How do you all get the crickets out of the box they are kept in to feed to your lizards? I used to use a pair of tweezer things when i had a few boxes but now i bulk buy 100's I'm having trouble catching them 5 min feed is taking like 15 mins just to get the things out lol. I have tried using my hands but they keep running up my arms in down my top lol

Any tips?

cheers


----------



## freekygeeky (May 25, 2007)

shake the box open one corener and tip em out.


gex said:


> Hi
> 
> How do you all get the crickets out of the box they are kept in to feed to your lizards? I used to use a pair of tweezer things when i had a few boxes but now i bulk buy 100's I'm having trouble catching them 5 min feed is taking like 15 mins just to get the things out lol. I have tried using my hands but they keep running up my arms in down my top lol
> 
> ...


----------



## gex (Nov 20, 2006)

Think the box is a bit big for that tried it but didnt work to well. It's one of the big plastic tank things.


----------



## linda.t (Sep 28, 2007)

leave a toilet roll tube in then just pull it out when u need the crixs
linda


----------



## gex (Nov 20, 2006)

OMG thats such a simple fab idea thank you will try that


----------



## linda.t (Sep 28, 2007)

it works for me 
linda


----------



## RussianTort55 (Jun 9, 2007)

fish net???


----------



## ANT (Nov 11, 2007)

RussianTort55 said:


> fish net???


i tried taht once and it was a nightmare !!, there legs got all caught in the nettin!  took me ages to free them!


----------



## RussianTort55 (Jun 9, 2007)

ANT said:


> i tried taht once and it was a nightmare !!, there legs got all caught in the nettin!  took me ages to free them!

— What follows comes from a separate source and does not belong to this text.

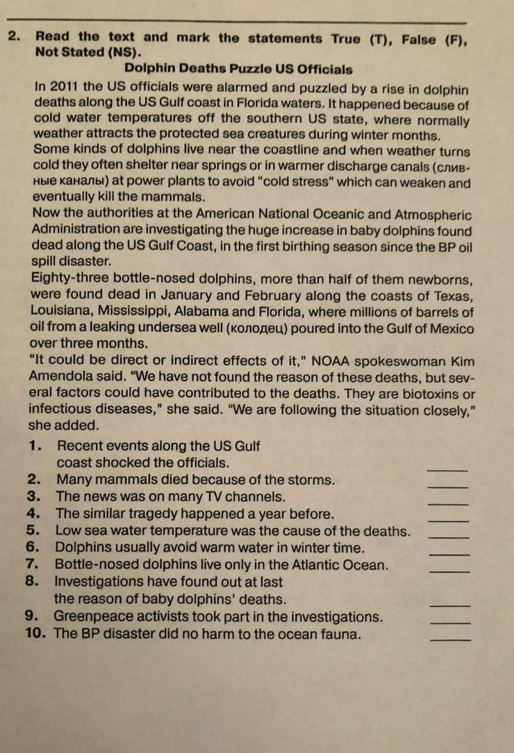 Read the text and mark the statements True (T), False (F), Not Stated (NS). Dolphin Deaths Puzzle US Officials
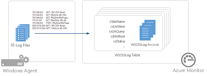 Internet Information Services (IIS) 会将用户活动记录在日志文件中,这些文件可由 Log Analytics 代理收集并存储在 Azure Monitor 日志中。

oh yeah, i just throw mine in from the box, mine kept me up till about 2 last night with the chirping lol

maybe some sort of scoop?


----------



## xx-Charlie-xx (Oct 29, 2007)

i bought a cricket holder. its a little faunarium with a tube coming out the side. as the crickets like the dark they go into the tube, when its feeding time u pull out the tube, shake a few into ur viv then put the tube back


----------



## rogerbird (Apr 10, 2006)

xx-Charlie-xx said:


> i bought a cricket holder. its a little faunarium with a tube coming out the side. as the crickets like the dark they go into the tube, when its feeding time u pull out the tube, shake a few into ur viv then put the tube back


Yep this is it:

Livefood UK Ltd.

Simple but affective


----------



## macro junkie (Oct 27, 2007)

long tweezers..some times i pull there leg of by mistake..lol


----------



## Exotic lover (Nov 10, 2007)

Empty toilet roll tube works for me too.


----------



## xx-Charlie-xx (Oct 29, 2007)

yea roger thats the one


----------



## slither (Jun 20, 2007)

I use a pooter whenever possible, failing that shake the buggers out the box.


----------



## Meko (Apr 29, 2007)

use a large fishtank and put your beardie / gecko / etc in it when its feeding time. 
Wait till they're fed and then take them out :crazy:


----------



## KXC (Sep 30, 2007)

linda.t said:


> leave a toilet roll tube in then just pull it out when u need the crixs
> linda


That is a GREAT suggestion!!! So simple but great.

One thing, it's okay if all the crickets are males but if there is a female in there won't she simply HAVE TO change the empty roll for a fresh roll of toliet paper? Males seems incapable of doing this according to my wife, I think she was talking about crickets.

Seriously though, with this method would you gut load with more calcium powder and the vits than usual (i.e. dust the container frequently) or just drop them into a bag from the tube.

I dust every food item I put into my crickets as well as into my lizard and scatter powder in with the crickets and locusts too (I struggle to powder the live food without it escaping so powder it whenever I get a chance just in case).


----------



## Meko (Apr 29, 2007)

empy crickets into a bag, add vits or calcium, shake and empty.


----------



## Tomcat (Jul 29, 2007)

Put them in the fridge for 2-3 mins before


----------



## geckomad (Nov 26, 2007)

all i do is get hold of the card board egg holder we get them in and shake em off into another box with vits in, shake it up, then toss the food into the viv. if any escape i usually grab them.


----------



## pugger (Jul 2, 2007)

bit of selotape with a piece of fishfood stuck in the middle they get stuck on the tape, take it out and pull them off......!


----------